Pelos cinco
Minha mãe era uma jogadora do Bicho fidelíssima. Em toda rodada, fazia uma fezinha. Do claro que o dia inaugurava até o corujão, era certo um palpite, uma combinação de números, sequências sonhadas ou um presságio da hora pregando a esperançazinha de ganhar uma bolada.
Embora tenha acompanhado (e criticado) a renitência de mamãe neste jogo tido, lavrado e havido como indefensável vício, não deixava de nutrir certa admiração e muita curiosidade pela rigidez de opinião que lhe acompanhava em cada pule preenchida. O que resultava em tolerância e respeito por aquela diversão debilmente proscrita empreendida a cada dia.
Compreendi e até contribuí com os mistérios que cercam as apostas no Bicho. Um fato extraordinário marcou o meu espanto ante crenças e certezas na hora de cravar os números.
Passava uma temporada em casa, em período de férias ou por uma indesejada vacância na minha carreira profissional. Era só no come-dorme. A regra da sesta era sagrada. Dei um soninho aperreado pelo calor da tarde, mas com folga tal de me permitir sonhar. Eu juro. Apareceu no sonho um pacote de dezenas, certinhas, organizadas, discerníveis. E olha só, sou assim assim para esquecer dos sonhos. Ocorre que nessa tarde, acordei com todos os números gravados na cabeça. Logo comentei com mamãe e passei os números com a convicção total herdada do sonho. Ela anotou tudo no caderninho mantido para as contas e estatísticas que suportavam seus palpites. Apostou alto no Corujão. Quebrou a banca. Deu tudinho e ela ganhou, verdadeiramente, uma dinheirama. Eu fiquei bestinha com aquele fenômeno. Cheguei a me considerar por um breve tempo, um iluminado, um paranormal que adivinhava os casos futuros. Ilusão desfeita rapidola, muito convenientemente após mamãe ter perdido uma boa parte do prêmio, investindo em palpites envolvidos com meus superpoderes, como data do meu aniversário, datas de viagens e outras invencionices. Conformado, desanuviei dos meus dons sobrenaturais, segui meu caminho no comum da minha humanidade e creditei os fatos a uma anomalia no campo das probabilidades e das sugestões do inconsciente.
E assim, depois de um tempo na maré tranquila e calma, tratando os fenômenos à luz da razão, eis que me deparei com um caso incrível, o tanto de pôr a pulga atrás da orelha da gente, dia desses.
Soube que uma amiga ganhou no milhar. Até aí, fato bem possível, inclusive é premiação registrada em música, no acervo do Samba de Breque de Moreira da Silva. Só que não foi uma, duas, nem três vezes. Ela acerta, parece que quando quer. Dá de entender que tem dia que ela acorda na ira, cata quatro números, vai lá na banca e pã, ganha. Impressionante! E o espanto é maior quando revela os valores. ´Sempre mais de 10.000 Reais. Observa que só não ganha mais porque casa valores pequenos, ali beirando as miudezas de Reais.
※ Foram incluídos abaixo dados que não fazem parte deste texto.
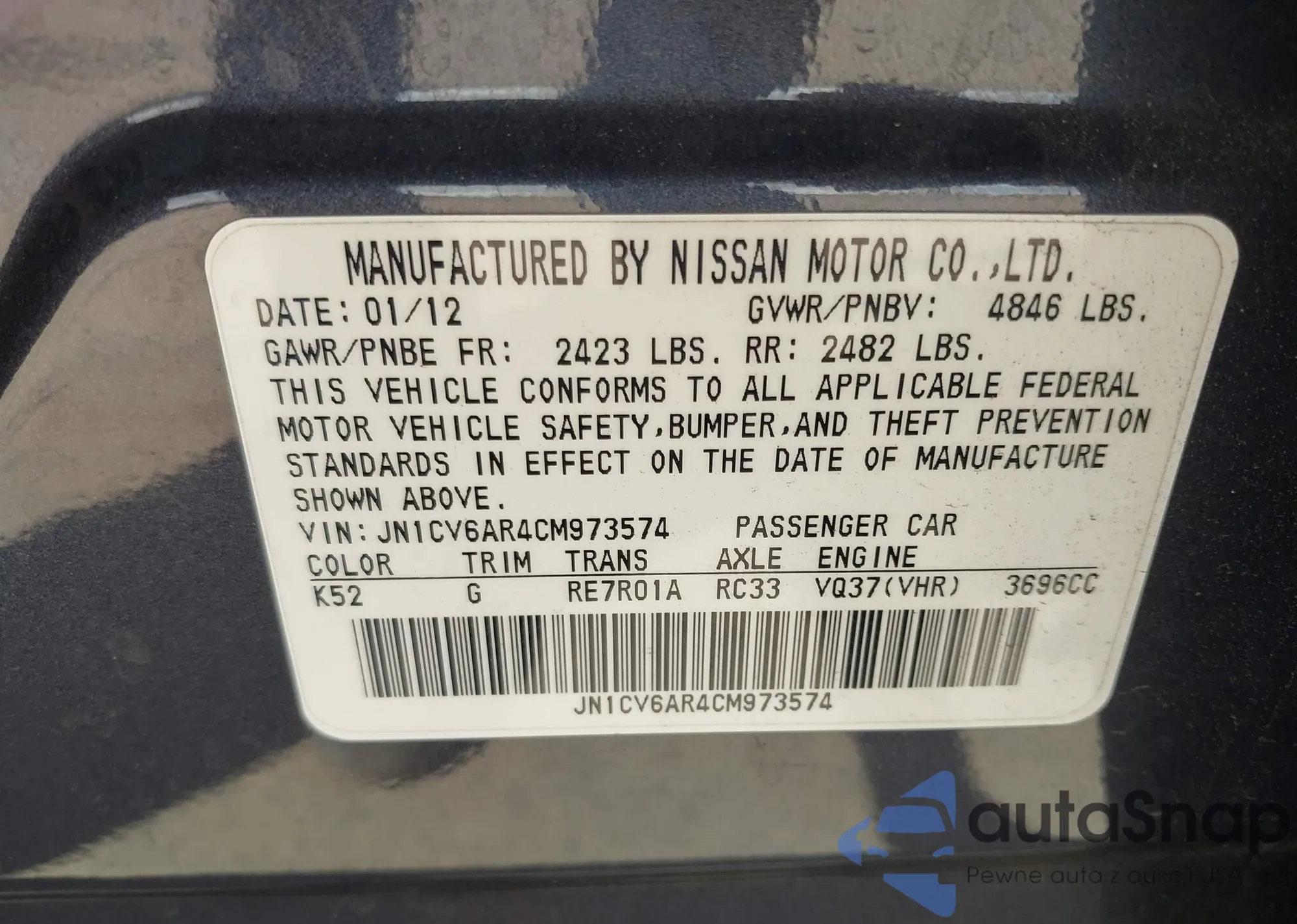LOT: 41910324 VIN: JN1CV6AR4CM973574

Não manjo e sempre tive dificuldades para compreender as formas de jogar e de medir os pagamentos no jogo do Bicho. Mamãe me explicava. Tinha a dezena, o palpite pelos cinco, no grupo e dezena, de centena, na cabeça, o cercado de centena seca. Muitas combinas que me baratinavam a cuca. Nunca joguei no Bicho, não por nada. Não domino as manhas.
O que estimo é que acertar um milhar é difícil. Acertar mais de uma vez é extraordinário. Ser um premiado contumaz no milhar deve configurar um caso de subversão, extrapolação da razão e do consolo confortável da estatística, é superação completa de uma propriedade da natureza humana que, no vulgo, conhecemos como sorte.
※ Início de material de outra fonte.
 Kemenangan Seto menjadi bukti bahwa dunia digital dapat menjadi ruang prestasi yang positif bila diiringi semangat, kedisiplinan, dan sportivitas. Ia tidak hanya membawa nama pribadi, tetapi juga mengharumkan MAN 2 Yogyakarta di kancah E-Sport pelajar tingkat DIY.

Tô de férias. Herdei o caderninho de contas e probabilidades de mamãe. Os dias estão por acolá de calor. Vou arriscar um soninho à tarde. E eu que não creio nos mistérios, vou sintonizar nos adivinhos. Bora ver se rola um milhar. Ou pelo menos uma presença pelos cinco que me volte o consolo do escrito e do casado.